Dataset content.
○ ○ ○ ○ ○
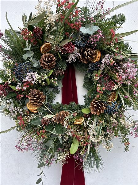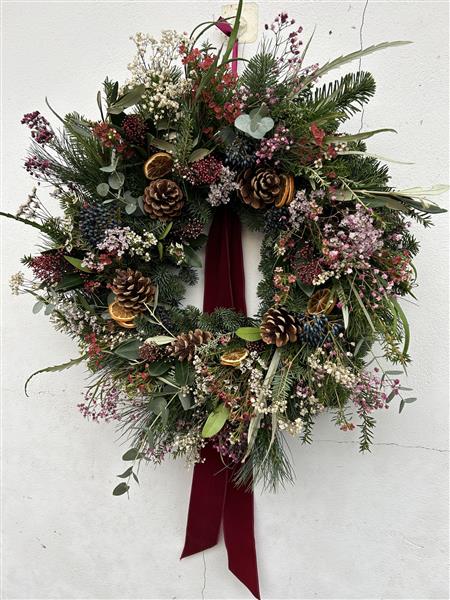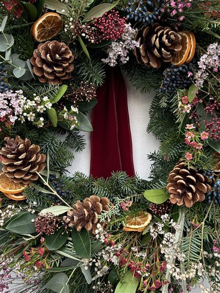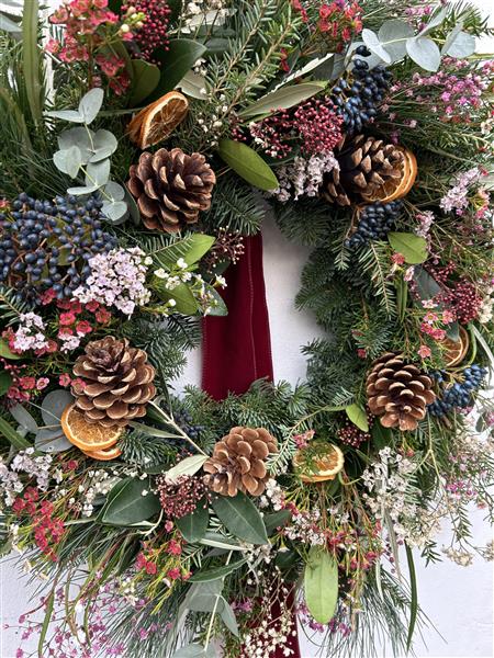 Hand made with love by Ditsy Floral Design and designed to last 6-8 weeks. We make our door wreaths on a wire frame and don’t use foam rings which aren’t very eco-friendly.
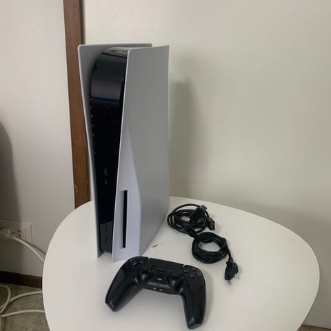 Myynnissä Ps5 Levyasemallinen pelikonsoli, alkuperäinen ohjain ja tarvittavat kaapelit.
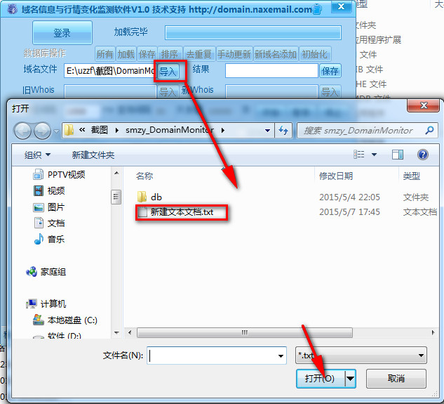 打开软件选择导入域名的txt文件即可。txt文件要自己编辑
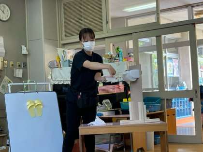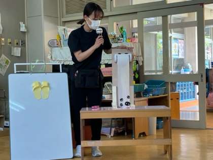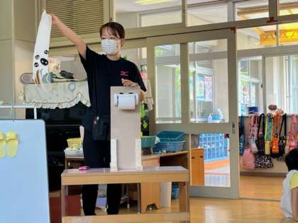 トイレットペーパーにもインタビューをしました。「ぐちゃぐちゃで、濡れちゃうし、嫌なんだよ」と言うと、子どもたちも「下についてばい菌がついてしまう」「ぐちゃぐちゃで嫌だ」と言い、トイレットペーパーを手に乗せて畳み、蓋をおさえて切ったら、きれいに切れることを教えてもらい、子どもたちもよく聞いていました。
○ ○ ○ ○ ○
A word-for-word copy of the data above is needed, one that omits the pictures.

 Hand made with love by Ditsy Floral Design and designed to last 6-8 weeks. We make our door wreaths on a wire frame and don’t use foam rings which aren’t very eco-friendly.
 Myynnissä Ps5 Levyasemallinen pelikonsoli, alkuperäinen ohjain ja tarvittavat kaapelit.
 打开软件选择导入域名的txt文件即可。txt文件要自己编辑
 トイレットペーパーにもインタビューをしました。「ぐちゃぐちゃで、濡れちゃうし、嫌なんだよ」と言うと、子どもたちも「下についてばい菌がついてしまう」「ぐちゃぐちゃで嫌だ」と言い、トイレットペーパーを手に乗せて畳み、蓋をおさえて切ったら、きれいに切れることを教えてもらい、子どもたちもよく聞いていました。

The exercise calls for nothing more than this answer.